From mboxrd@z Thu Jan  1 00:00:00 1970
Return-Path: <linux-kernel-owner+w=401wt.eu-S1755683AbZCEClL@vger.kernel.org>
Received: (majordomo@vger.kernel.org) by vger.kernel.org via listexpand
	id S1755683AbZCEClL (ORCPT <rfc822;w@1wt.eu>);
	Wed, 4 Mar 2009 21:41:11 -0500
Received: (majordomo@vger.kernel.org) by vger.kernel.org id S1753383AbZCECky
	(ORCPT <rfc822;linux-kernel-outgoing>);
	Wed, 4 Mar 2009 21:40:54 -0500
Received: from mga10.intel.com ([192.55.52.92]:15432 "EHLO
	fmsmga102.fm.intel.com" rhost-flags-OK-OK-OK-FAIL) by vger.kernel.org
	with ESMTP id S1752150AbZCECkx (ORCPT
	<rfc822;linux-kernel@vger.kernel.org>);
	Wed, 4 Mar 2009 21:40:53 -0500
X-ExtLoop1: 1
X-IronPort-AV: E=Sophos;i="4.38,304,1233561600"; 
   d="scan'208";a="670450535"
Subject: Re: [RFC v1] hand off skb list to other cpu to submit to upper
	layer
From: "Zhang, Yanmin" <yanmin_zhang@linux.intel.com>
To: David Miller <davem@davemloft.net>
Cc: herbert@gondor.apana.org.au, netdev@vger.kernel.org,
       linux-kernel@vger.kernel.org, jesse.brandeburg@intel.com,
       shemminger@vyatta.com
In-Reply-To: <1236215076.2567.105.camel@ymzhang>
References: <1235546423.2604.556.camel@ymzhang>
	 <20090224.233115.240823417.davem@davemloft.net>
	 <1236158868.2567.93.camel@ymzhang>
	 <20090304.013937.129768263.davem@davemloft.net>
	 <1236215076.2567.105.camel@ymzhang>
Content-Type: text/plain; charset=UTF-8
Date: Thu, 05 Mar 2009 10:40:27 +0800
Message-Id: <1236220827.2567.136.camel@ymzhang>
Mime-Version: 1.0
X-Mailer: Evolution 2.22.1 (2.22.1-2.fc9) 

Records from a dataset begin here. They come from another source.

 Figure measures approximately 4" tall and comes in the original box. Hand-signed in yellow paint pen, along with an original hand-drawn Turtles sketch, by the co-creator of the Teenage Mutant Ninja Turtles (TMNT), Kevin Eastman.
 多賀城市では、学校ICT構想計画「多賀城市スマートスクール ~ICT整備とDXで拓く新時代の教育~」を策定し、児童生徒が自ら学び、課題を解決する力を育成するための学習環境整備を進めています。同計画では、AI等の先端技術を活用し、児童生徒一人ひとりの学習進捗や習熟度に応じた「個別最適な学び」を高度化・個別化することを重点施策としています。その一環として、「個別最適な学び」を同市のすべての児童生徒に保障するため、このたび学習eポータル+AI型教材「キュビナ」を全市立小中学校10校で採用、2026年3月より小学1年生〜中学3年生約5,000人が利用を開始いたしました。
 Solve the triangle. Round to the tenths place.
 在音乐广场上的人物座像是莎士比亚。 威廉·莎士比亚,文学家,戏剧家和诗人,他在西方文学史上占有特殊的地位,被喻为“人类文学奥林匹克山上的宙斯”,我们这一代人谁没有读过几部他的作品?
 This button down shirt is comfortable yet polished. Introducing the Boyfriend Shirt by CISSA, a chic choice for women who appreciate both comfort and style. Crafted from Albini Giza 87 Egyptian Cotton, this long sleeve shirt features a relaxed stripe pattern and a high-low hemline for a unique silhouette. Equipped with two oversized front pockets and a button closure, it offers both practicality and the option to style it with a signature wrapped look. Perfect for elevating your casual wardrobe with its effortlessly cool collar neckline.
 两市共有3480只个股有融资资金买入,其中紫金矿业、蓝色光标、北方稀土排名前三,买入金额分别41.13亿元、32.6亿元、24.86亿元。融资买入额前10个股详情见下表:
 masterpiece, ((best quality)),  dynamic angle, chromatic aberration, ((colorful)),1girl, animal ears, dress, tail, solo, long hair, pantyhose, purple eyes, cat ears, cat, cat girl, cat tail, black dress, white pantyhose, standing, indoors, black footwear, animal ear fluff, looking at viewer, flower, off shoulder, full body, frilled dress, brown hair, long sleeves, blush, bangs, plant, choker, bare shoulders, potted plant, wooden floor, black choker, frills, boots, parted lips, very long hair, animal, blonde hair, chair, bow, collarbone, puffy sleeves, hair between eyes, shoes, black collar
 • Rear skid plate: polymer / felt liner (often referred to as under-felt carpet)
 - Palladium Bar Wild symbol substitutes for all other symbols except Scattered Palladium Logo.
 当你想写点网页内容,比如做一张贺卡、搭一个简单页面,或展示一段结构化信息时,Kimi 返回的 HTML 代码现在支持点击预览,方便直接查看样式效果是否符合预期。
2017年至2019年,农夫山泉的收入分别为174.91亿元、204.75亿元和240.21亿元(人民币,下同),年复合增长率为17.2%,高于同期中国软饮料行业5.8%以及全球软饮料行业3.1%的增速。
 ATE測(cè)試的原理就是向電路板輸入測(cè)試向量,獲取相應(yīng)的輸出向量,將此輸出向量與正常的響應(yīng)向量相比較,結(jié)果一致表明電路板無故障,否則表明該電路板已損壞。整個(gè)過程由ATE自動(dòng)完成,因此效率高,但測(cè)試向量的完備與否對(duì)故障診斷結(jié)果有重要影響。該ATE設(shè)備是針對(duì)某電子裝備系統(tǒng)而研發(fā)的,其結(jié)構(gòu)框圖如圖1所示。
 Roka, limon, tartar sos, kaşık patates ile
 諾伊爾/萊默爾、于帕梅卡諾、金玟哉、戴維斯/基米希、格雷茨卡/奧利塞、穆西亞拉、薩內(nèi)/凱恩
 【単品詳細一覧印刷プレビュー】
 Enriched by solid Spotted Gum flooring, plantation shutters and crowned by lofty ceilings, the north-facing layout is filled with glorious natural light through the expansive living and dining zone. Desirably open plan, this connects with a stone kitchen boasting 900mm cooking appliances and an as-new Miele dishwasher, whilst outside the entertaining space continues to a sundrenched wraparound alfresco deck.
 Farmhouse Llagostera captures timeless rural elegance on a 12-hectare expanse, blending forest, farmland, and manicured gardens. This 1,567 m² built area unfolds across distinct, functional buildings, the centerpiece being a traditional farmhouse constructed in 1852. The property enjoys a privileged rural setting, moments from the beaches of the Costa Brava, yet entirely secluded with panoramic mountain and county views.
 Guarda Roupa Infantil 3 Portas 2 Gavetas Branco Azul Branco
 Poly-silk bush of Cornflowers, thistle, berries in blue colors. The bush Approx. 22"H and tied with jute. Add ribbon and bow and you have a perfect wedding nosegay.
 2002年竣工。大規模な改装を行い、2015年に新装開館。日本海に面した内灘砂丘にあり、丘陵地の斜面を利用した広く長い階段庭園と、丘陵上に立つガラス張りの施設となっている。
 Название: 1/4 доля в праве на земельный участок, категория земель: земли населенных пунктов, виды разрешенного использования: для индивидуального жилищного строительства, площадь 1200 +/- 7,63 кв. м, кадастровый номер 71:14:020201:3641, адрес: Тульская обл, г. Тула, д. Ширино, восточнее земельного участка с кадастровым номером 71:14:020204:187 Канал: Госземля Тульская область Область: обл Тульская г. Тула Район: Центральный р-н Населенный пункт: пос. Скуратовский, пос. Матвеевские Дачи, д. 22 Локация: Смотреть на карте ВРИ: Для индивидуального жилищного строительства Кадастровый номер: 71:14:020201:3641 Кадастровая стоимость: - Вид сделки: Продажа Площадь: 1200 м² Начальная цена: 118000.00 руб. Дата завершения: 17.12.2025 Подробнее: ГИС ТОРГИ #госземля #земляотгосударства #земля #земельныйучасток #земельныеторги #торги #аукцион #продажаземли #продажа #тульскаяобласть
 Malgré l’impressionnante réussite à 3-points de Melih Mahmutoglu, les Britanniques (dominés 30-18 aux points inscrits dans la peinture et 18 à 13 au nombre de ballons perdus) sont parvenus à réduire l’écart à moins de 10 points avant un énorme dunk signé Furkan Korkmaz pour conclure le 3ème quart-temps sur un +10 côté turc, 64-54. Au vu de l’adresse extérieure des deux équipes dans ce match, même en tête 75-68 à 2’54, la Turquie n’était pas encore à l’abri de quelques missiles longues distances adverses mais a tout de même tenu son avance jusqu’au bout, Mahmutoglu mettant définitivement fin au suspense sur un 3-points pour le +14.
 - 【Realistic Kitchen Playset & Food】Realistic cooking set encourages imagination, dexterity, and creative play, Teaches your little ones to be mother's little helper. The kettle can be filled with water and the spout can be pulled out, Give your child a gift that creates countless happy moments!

Content-Transfer-Encoding: 8bit
Sender: linux-kernel-owner@vger.kernel.org
List-ID: <linux-kernel.vger.kernel.org>
X-Mailing-List: linux-kernel@vger.kernel.org

On Thu, 2009-03-05 at 09:04 +0800, Zhang, Yanmin wrote:
> On Wed, 2009-03-04 at 01:39 -0800, David Miller wrote:
> > From: "Zhang, Yanmin" <yanmin_zhang@linux.intel.com>
> > Date: Wed, 04 Mar 2009 17:27:48 +0800
> > 
> > > Both the new skb_record_rx_queue and current kernel have an
> > > assumption on multi-queue. The assumption is it's best to send out
> > > packets from the TX of the same number of queue like the one of RX
> > > if the receved packets are related to the out packets. Or more
> > > direct speaking is we need send packets on the same cpu on which we
> > > receive them. The start point is that could reduce skb and data
> > > cache miss.
> > 
> > We have to use the same TX queue for all packets for the same
> > connection flow (same src/dst IP address and ports) otherwise
> > we introduce reordering.
> > Herbert brought this up, now I have explicitly brought this up,
> > and you cannot ignore this issue.
> Thanks. ﻿Stephen Hemminger brought it up and explained what reorder
> is. I answered in a reply (sorry for not clear) that mostly we need spread
> packets among RX/TX in a 1:1 mapping or N:1 mapping. For example, all packets
> received from RX 8 will be spreaded to TX 0 always.
To make it clearer, I used 1:1 mapping binding when running testing
on bensley (4*2 cores) and Nehalem (2*4*2 logical cpu). So there is no reorder
issue. I also worked out a new patch on the failover path to just drop
packets when qlen is bigger than netdev_max_backlog, so the failover path wouldn't
cause reorder.

> 
> 
> > 
> > You must not knowingly reorder packets, and using different TX
> > queues for packets within the same flow does that.
> Thanks for you rexplanation which is really consistent with ﻿Stephen's speaking.